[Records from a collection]
================

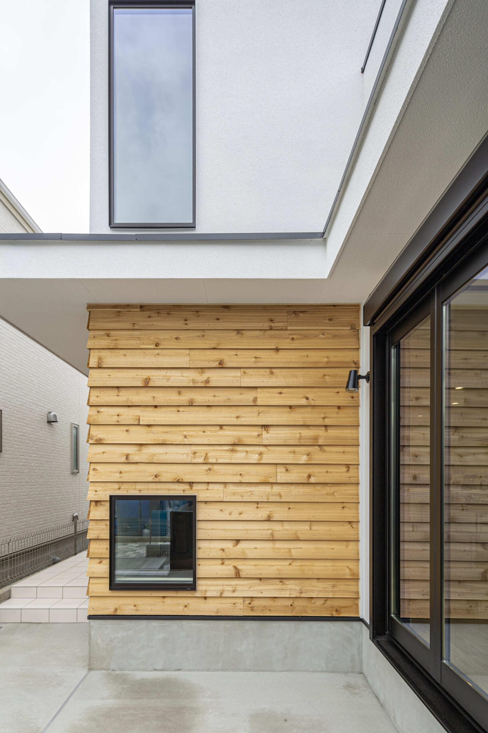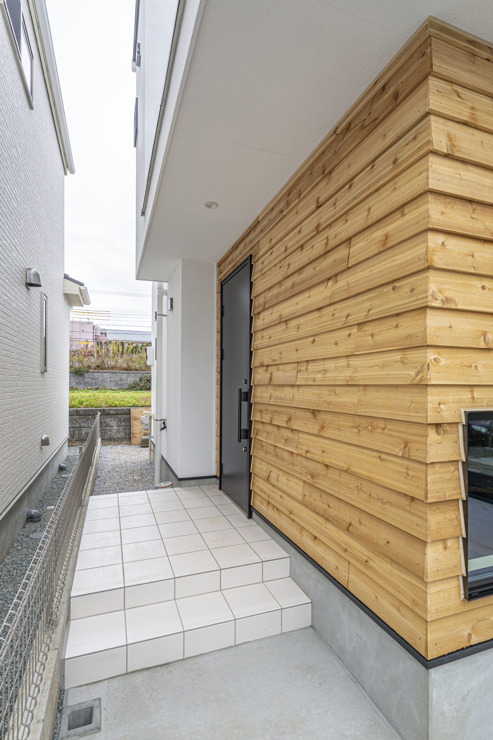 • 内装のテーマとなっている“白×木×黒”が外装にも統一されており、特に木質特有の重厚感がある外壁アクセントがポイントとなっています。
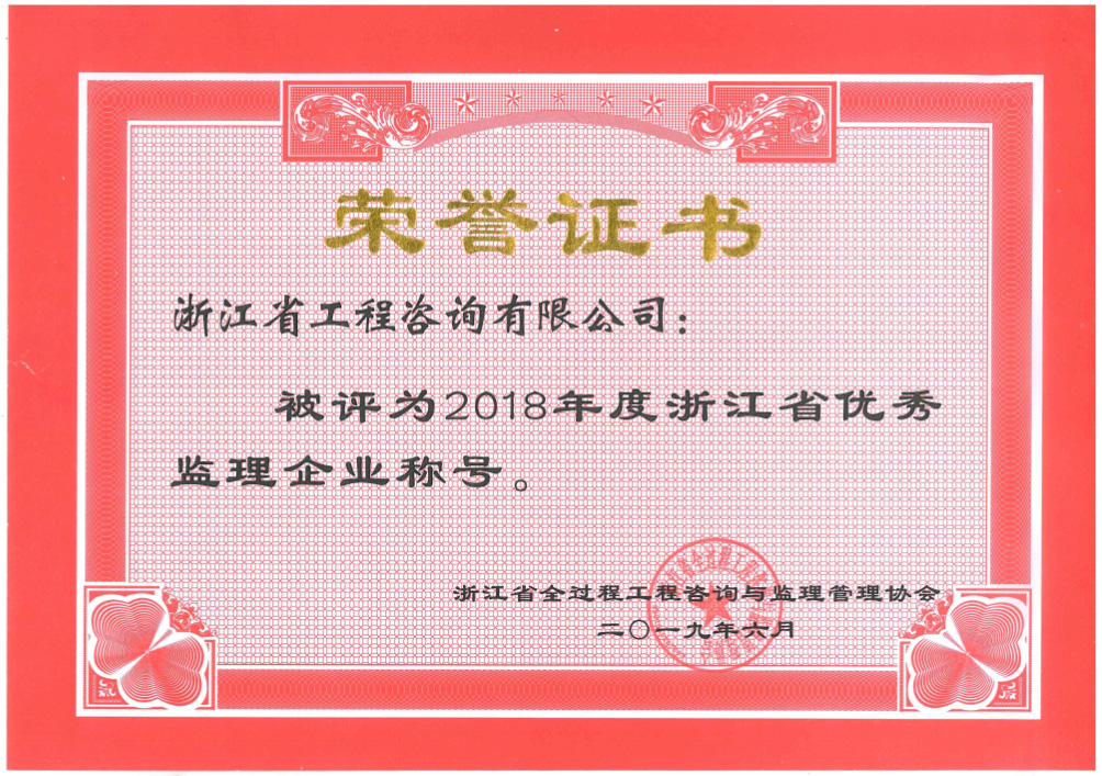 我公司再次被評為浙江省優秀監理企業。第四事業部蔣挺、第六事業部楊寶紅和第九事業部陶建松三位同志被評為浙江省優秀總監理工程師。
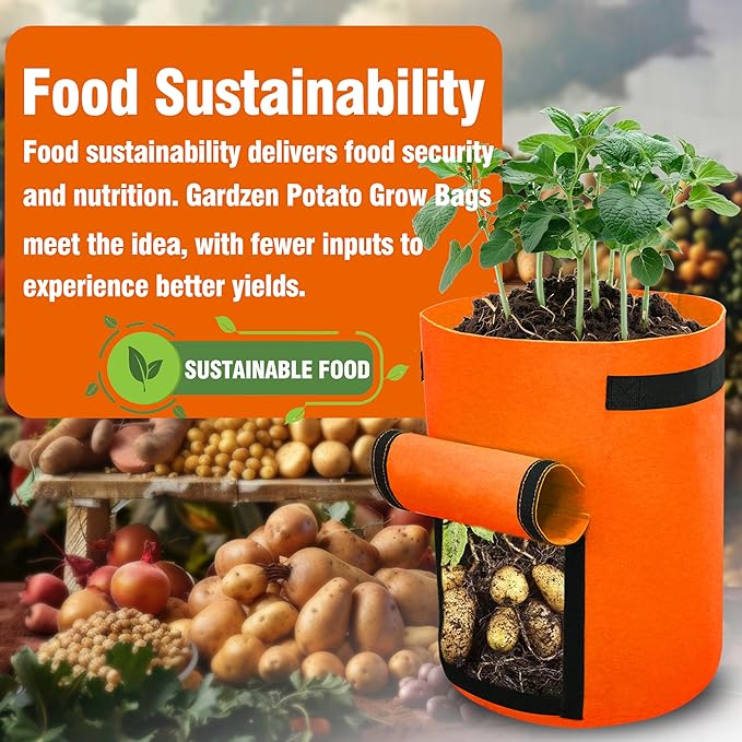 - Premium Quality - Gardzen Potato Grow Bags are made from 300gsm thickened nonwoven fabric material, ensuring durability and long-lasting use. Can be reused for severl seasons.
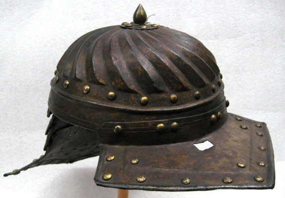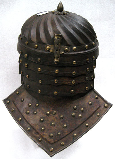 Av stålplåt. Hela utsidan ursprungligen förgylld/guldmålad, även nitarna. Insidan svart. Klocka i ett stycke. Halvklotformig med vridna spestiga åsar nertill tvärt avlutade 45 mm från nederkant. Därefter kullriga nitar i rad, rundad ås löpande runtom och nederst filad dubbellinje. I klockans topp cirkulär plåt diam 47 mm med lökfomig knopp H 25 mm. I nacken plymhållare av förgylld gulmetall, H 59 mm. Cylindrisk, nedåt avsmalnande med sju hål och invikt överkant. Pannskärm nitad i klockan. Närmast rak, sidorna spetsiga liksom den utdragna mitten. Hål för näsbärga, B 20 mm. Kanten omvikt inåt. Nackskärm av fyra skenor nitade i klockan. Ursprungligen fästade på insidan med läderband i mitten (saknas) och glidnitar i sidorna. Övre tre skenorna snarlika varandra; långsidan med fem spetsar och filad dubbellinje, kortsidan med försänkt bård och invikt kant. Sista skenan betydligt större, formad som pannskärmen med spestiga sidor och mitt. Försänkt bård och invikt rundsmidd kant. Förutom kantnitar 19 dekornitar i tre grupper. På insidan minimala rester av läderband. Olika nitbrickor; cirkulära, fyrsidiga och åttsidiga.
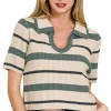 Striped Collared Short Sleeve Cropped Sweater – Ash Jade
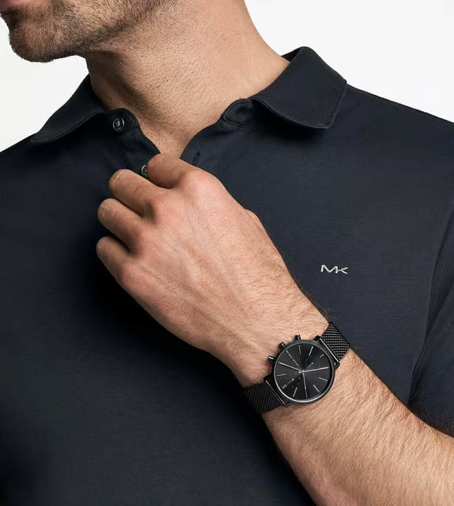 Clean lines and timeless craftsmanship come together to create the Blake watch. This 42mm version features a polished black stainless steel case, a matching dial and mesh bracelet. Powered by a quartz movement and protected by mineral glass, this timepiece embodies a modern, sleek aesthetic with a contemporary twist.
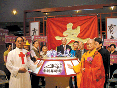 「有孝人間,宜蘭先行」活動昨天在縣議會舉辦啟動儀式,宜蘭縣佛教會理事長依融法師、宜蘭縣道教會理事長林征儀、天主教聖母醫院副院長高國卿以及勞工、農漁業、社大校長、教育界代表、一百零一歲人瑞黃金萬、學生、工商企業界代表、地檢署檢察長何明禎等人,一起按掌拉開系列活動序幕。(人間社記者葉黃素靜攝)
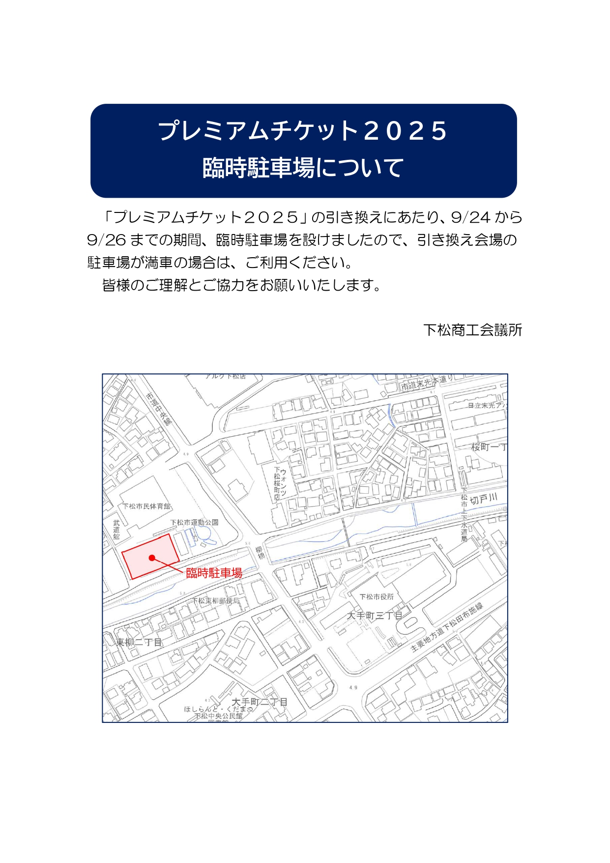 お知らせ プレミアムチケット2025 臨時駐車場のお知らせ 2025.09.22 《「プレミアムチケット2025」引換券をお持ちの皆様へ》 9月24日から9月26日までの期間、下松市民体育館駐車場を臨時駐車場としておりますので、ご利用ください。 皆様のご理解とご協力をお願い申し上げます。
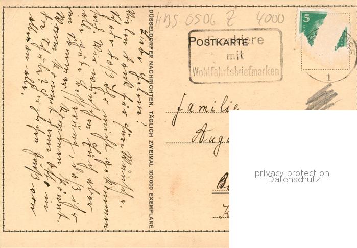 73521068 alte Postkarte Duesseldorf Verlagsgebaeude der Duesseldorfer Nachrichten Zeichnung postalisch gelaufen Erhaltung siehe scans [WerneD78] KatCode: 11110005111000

================

■ EXERCISE BRIEF ■
Transcribe exactly each line of the records from the start up to and including the one with "Striped Collared Short", and leave out every picture.

■ SOLUTION BELOW ■
 • 内装のテーマとなっている“白×木×黒”が外装にも統一されており、特に木質特有の重厚感がある外壁アクセントがポイントとなっています。
 我公司再次被評為浙江省優秀監理企業。第四事業部蔣挺、第六事業部楊寶紅和第九事業部陶建松三位同志被評為浙江省優秀總監理工程師。
 - Premium Quality - Gardzen Potato Grow Bags are made from 300gsm thickened nonwoven fabric material, ensuring durability and long-lasting use. Can be reused for severl seasons.
 Av stålplåt. Hela utsidan ursprungligen förgylld/guldmålad, även nitarna. Insidan svart. Klocka i ett stycke. Halvklotformig med vridna spestiga åsar nertill tvärt avlutade 45 mm från nederkant. Därefter kullriga nitar i rad, rundad ås löpande runtom och nederst filad dubbellinje. I klockans topp cirkulär plåt diam 47 mm med lökfomig knopp H 25 mm. I nacken plymhållare av förgylld gulmetall, H 59 mm. Cylindrisk, nedåt avsmalnande med sju hål och invikt överkant. Pannskärm nitad i klockan. Närmast rak, sidorna spetsiga liksom den utdragna mitten. Hål för näsbärga, B 20 mm. Kanten omvikt inåt. Nackskärm av fyra skenor nitade i klockan. Ursprungligen fästade på insidan med läderband i mitten (saknas) och glidnitar i sidorna. Övre tre skenorna snarlika varandra; långsidan med fem spetsar och filad dubbellinje, kortsidan med försänkt bård och invikt kant. Sista skenan betydligt större, formad som pannskärmen med spestiga sidor och mitt. Försänkt bård och invikt rundsmidd kant. Förutom kantnitar 19 dekornitar i tre grupper. På insidan minimala rester av läderband. Olika nitbrickor; cirkulära, fyrsidiga och åttsidiga.
 Striped Collared Short Sleeve Cropped Sweater – Ash Jade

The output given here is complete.